Your copy of the lines below must match them exactly and contain no images.

'''

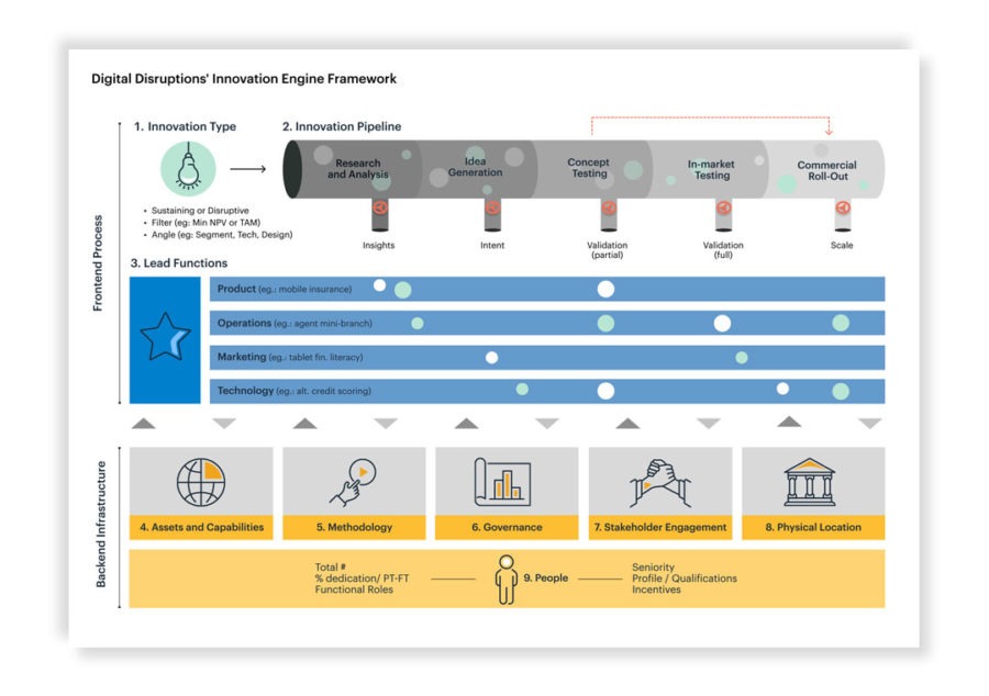We then used our Innovation Engine framework to design a Design Lab suited for the bank’s needs. The framework is comprised of nine key building blocks, including type of innovation, functional area, assets and capabilities, and governance.
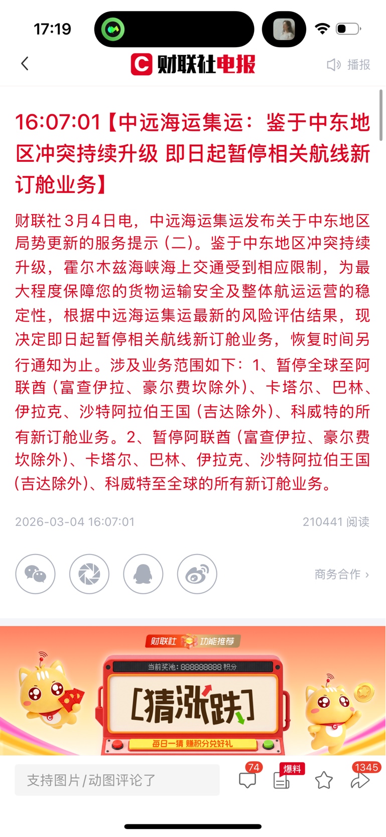 $水发燃气(SH603318)$ 中海官宣停运了!至此,全球前五大航运公司今天正式全面暂停波斯湾海运!说明短期内压根就不可能恢复了。供给端和运力大幅减少,那天然气和石油的价格必然还要继续涨,肯定是奔着破新高去的。
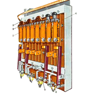 Устройство отключателей рассмотрим на примере аппарата ОД-8Б-2. На каркасе 1 (рис.2) укреплены контактные элементы. Каждый контактный элемент состоит из двух гетинаксовых стоек 9 (рис. 3), между которыми жестко установлены неподвижные контакты — верхний 2 и нижний 10 и кронштейн 7 подвижного контакта с двумя медными контактными ножами 6.
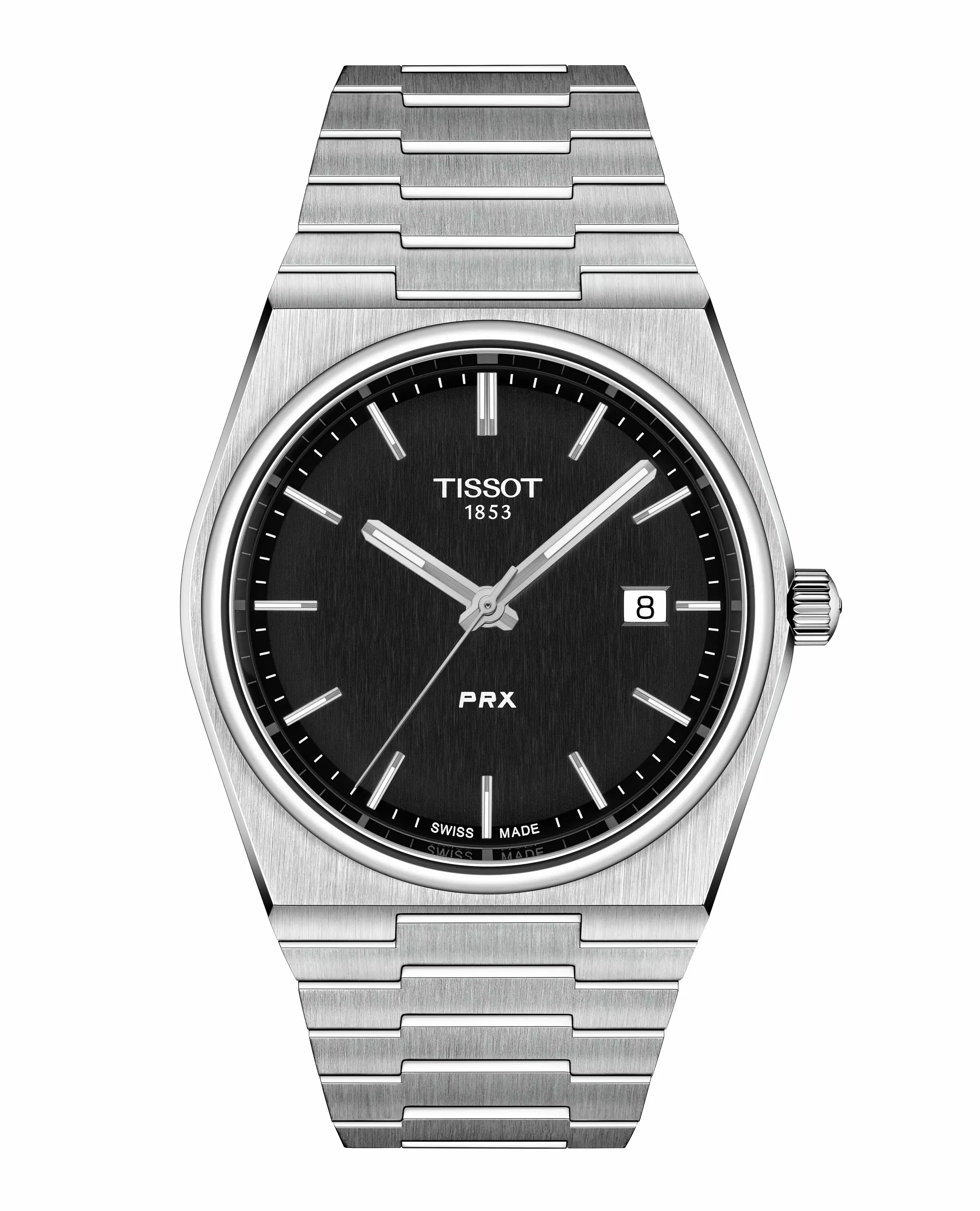 Tissot PRX - miesten rannekello mustalla kellotaululla ja metalli rannekkeella.
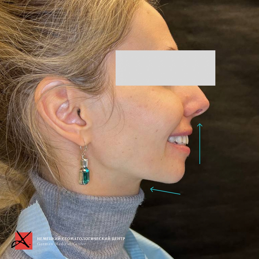 Пациентка пришла жалобами на неправильный прикус, который вместе с эстетическим дискомфортом и выраженной асимметрией лица доставлял ряд более серьезных проблем: головные боли, боли в шее и в суставах.
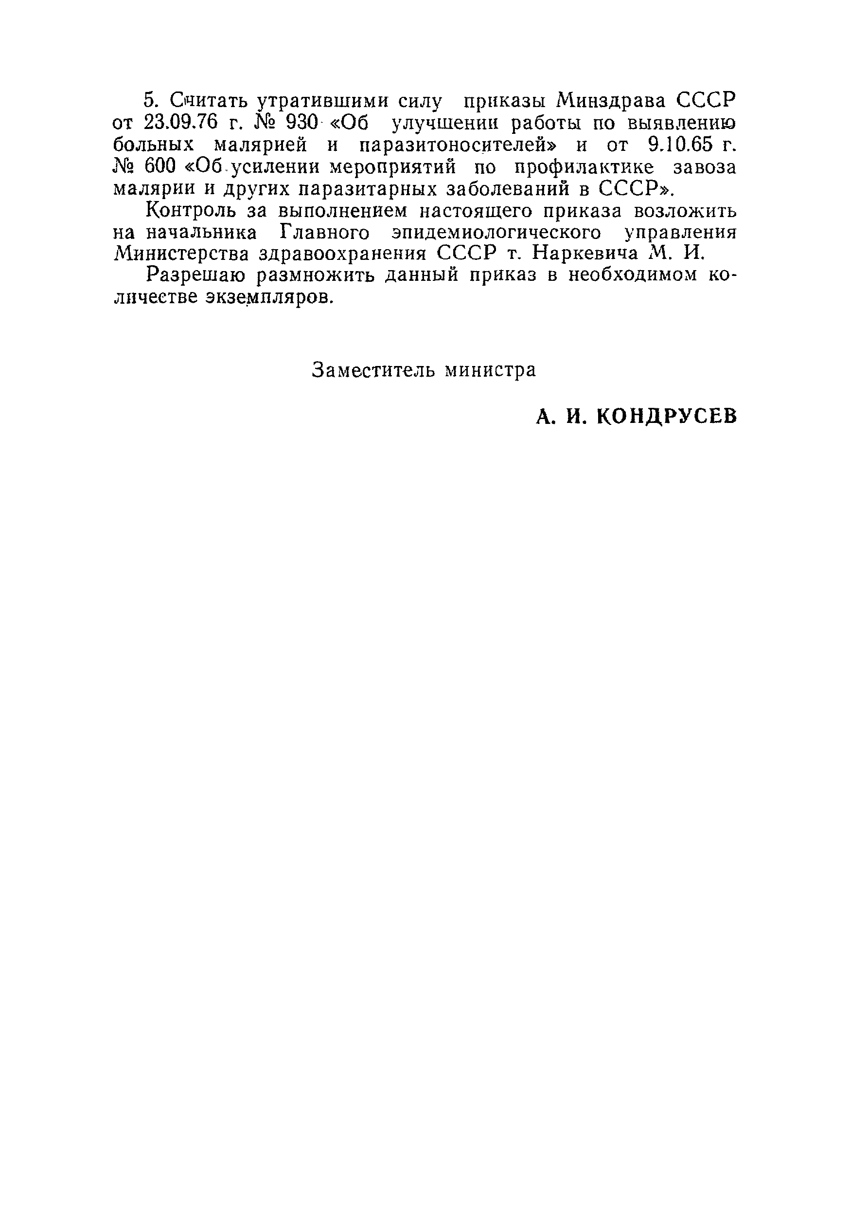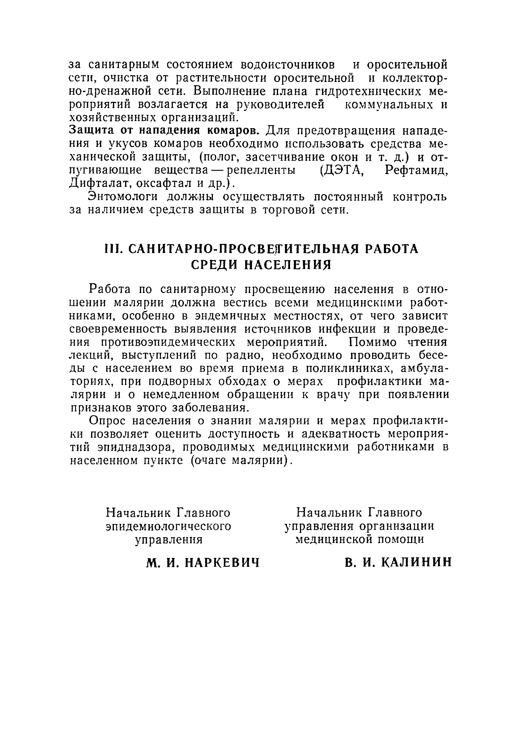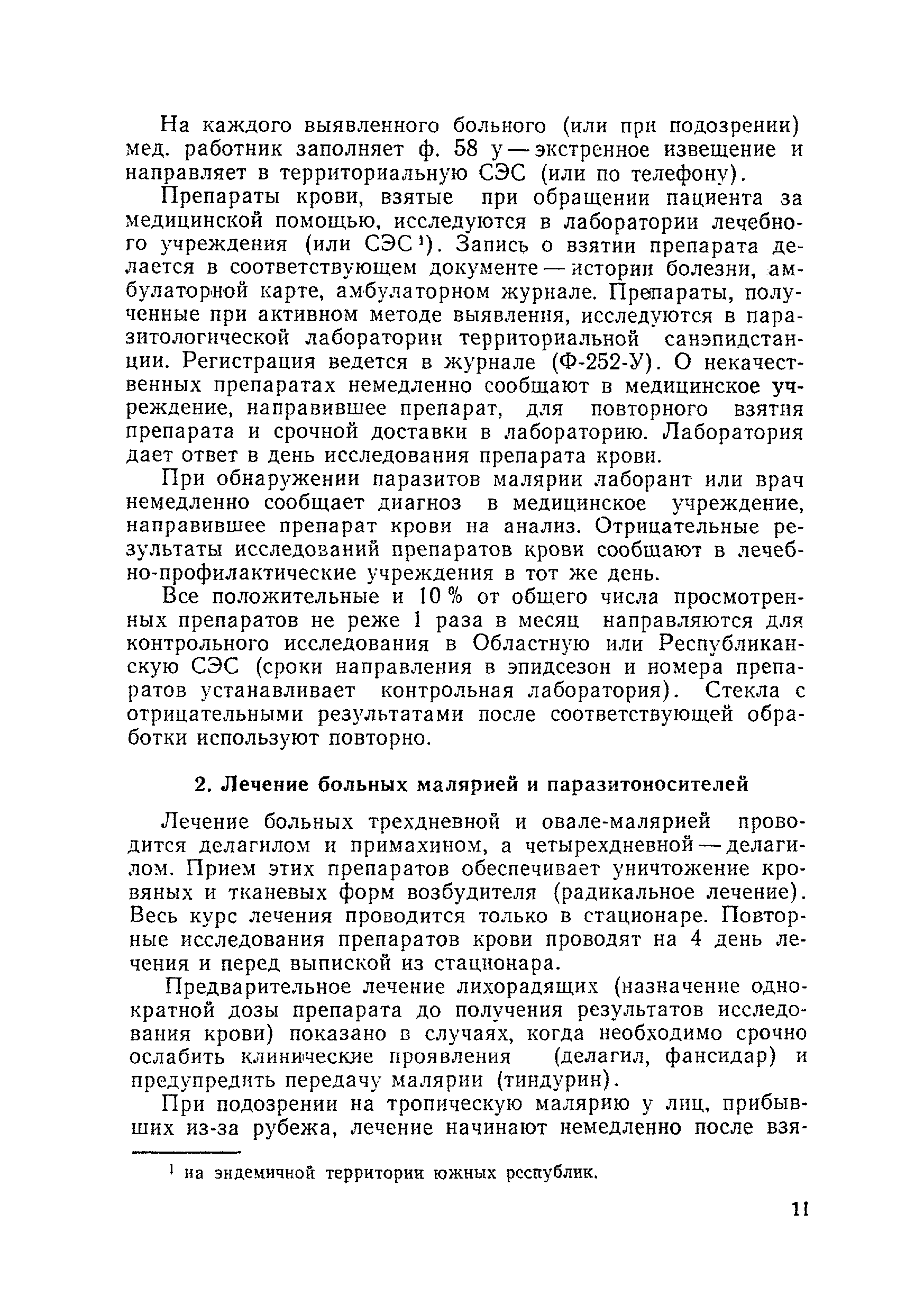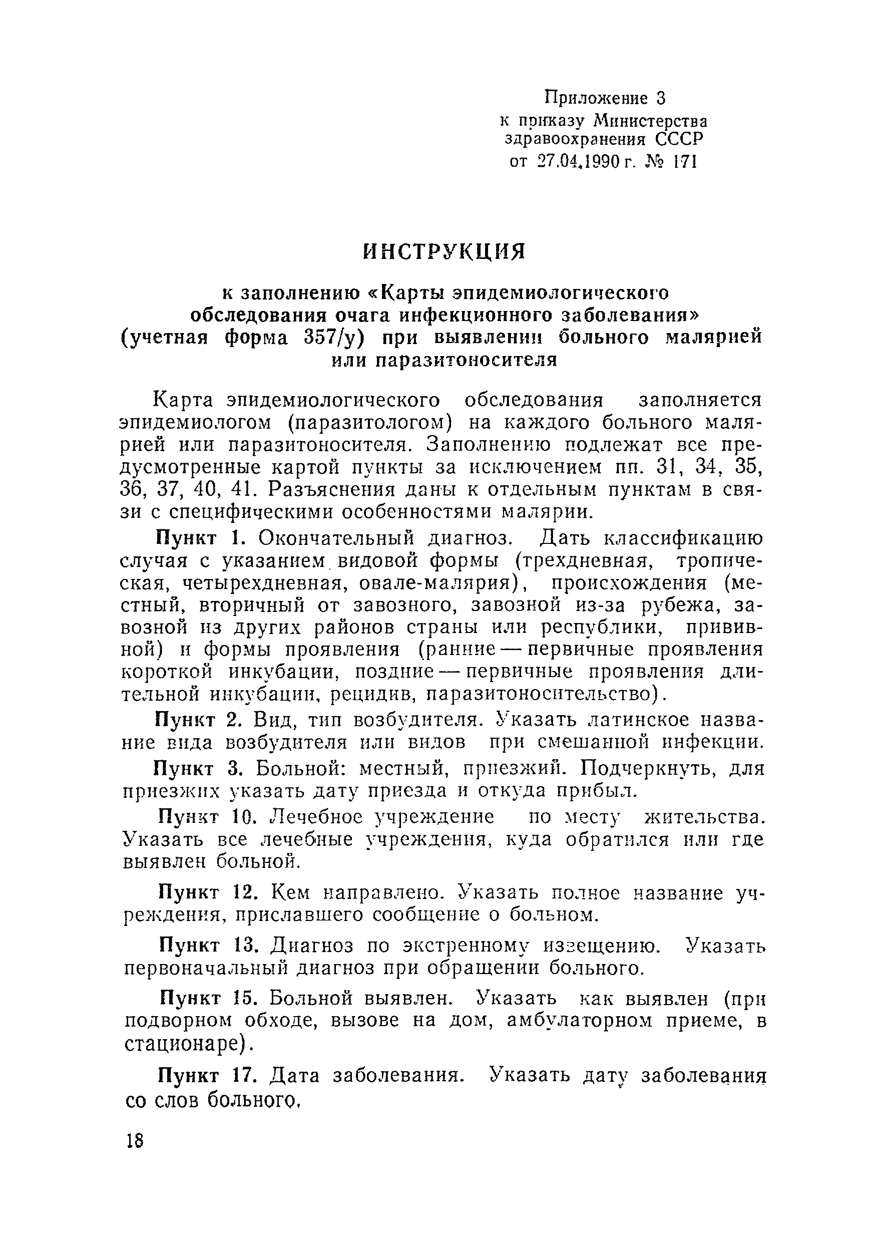 Методические указания по организации эпидемиологического надзора за малярией на территории СССР| Статус: | действует | | Название рус.: | Методические указания по организации эпидемиологического надзора за малярией на территории СССР | | Дата добавления в базу: | 01.02.2017 | | Дата актуализации: | 01.01.2021 | | Область применения: | Эпидемиологический надзор за малярией - это система противоэпидемических и профилактических мероприятий, направленных на поддержание благополучия по малярии, включающая сбор и оценку информации о заболеваемости малярией и маляриогенности территории, проведение необходимых профилактических и противоэпидемических мероприятий, анализ и оценку их эффективности | | Оглавление: | I. Лечебно-профилактические мероприятия 1. Выявление больных малярией и паразитоносителей 2. Лечение больных малярией и паразитоносителей 3. Эпидемиологическое обследование очага малярии 4. Химиопрофилактика (сезонная и межсезонная) 6. Проверка достоверности отсутствия местной передачи малярии II. Противокомариные мероприятия 1. Основные энтомологические наблюдения III. Санитарно-просветительная работа среди населения Приложение 2. Изменение в перечне внеочередных донесений, представляемых Министерству здравоохранению СССР, утвержденном приказом Министра здравоохранения СССР от 4 сентября 1984 г. № 1025-ДСП Приложение 3. Инструкция к заполнению "Карты эпидемиологического обследования очага инфекционного заболевания" (учетная форма 357/у) при выявлении больного малярией или паразитоносителя IV. Выводы из эпидемиологического обследования | | Утверждён: | 27.04.1990 Министерство здравоохранения СССР (USSR Ministry of Health Care 171)

'''

Result of the task:
We then used our Innovation Engine framework to design a Design Lab suited for the bank’s needs. The framework is comprised of nine key building blocks, including type of innovation, functional area, assets and capabilities, and governance.
 $水发燃气(SH603318)$ 中海官宣停运了!至此,全球前五大航运公司今天正式全面暂停波斯湾海运!说明短期内压根就不可能恢复了。供给端和运力大幅减少,那天然气和石油的价格必然还要继续涨,肯定是奔着破新高去的。
 Устройство отключателей рассмотрим на примере аппарата ОД-8Б-2. На каркасе 1 (рис.2) укреплены контактные элементы. Каждый контактный элемент состоит из двух гетинаксовых стоек 9 (рис. 3), между которыми жестко установлены неподвижные контакты — верхний 2 и нижний 10 и кронштейн 7 подвижного контакта с двумя медными контактными ножами 6.
 Tissot PRX - miesten rannekello mustalla kellotaululla ja metalli rannekkeella.
 Пациентка пришла жалобами на неправильный прикус, который вместе с эстетическим дискомфортом и выраженной асимметрией лица доставлял ряд более серьезных проблем: головные боли, боли в шее и в суставах.
 Методические указания по организации эпидемиологического надзора за малярией на территории СССР| Статус: | действует | | Название рус.: | Методические указания по организации эпидемиологического надзора за малярией на территории СССР | | Дата добавления в базу: | 01.02.2017 | | Дата актуализации: | 01.01.2021 | | Область применения: | Эпидемиологический надзор за малярией - это система противоэпидемических и профилактических мероприятий, направленных на поддержание благополучия по малярии, включающая сбор и оценку информации о заболеваемости малярией и маляриогенности территории, проведение необходимых профилактических и противоэпидемических мероприятий, анализ и оценку их эффективности | | Оглавление: | I. Лечебно-профилактические мероприятия 1. Выявление больных малярией и паразитоносителей 2. Лечение больных малярией и паразитоносителей 3. Эпидемиологическое обследование очага малярии 4. Химиопрофилактика (сезонная и межсезонная) 6. Проверка достоверности отсутствия местной передачи малярии II. Противокомариные мероприятия 1. Основные энтомологические наблюдения III. Санитарно-просветительная работа среди населения Приложение 2. Изменение в перечне внеочередных донесений, представляемых Министерству здравоохранению СССР, утвержденном приказом Министра здравоохранения СССР от 4 сентября 1984 г. № 1025-ДСП Приложение 3. Инструкция к заполнению "Карты эпидемиологического обследования очага инфекционного заболевания" (учетная форма 357/у) при выявлении больного малярией или паразитоносителя IV. Выводы из эпидемиологического обследования | | Утверждён: | 27.04.1990 Министерство здравоохранения СССР (USSR Ministry of Health Care 171)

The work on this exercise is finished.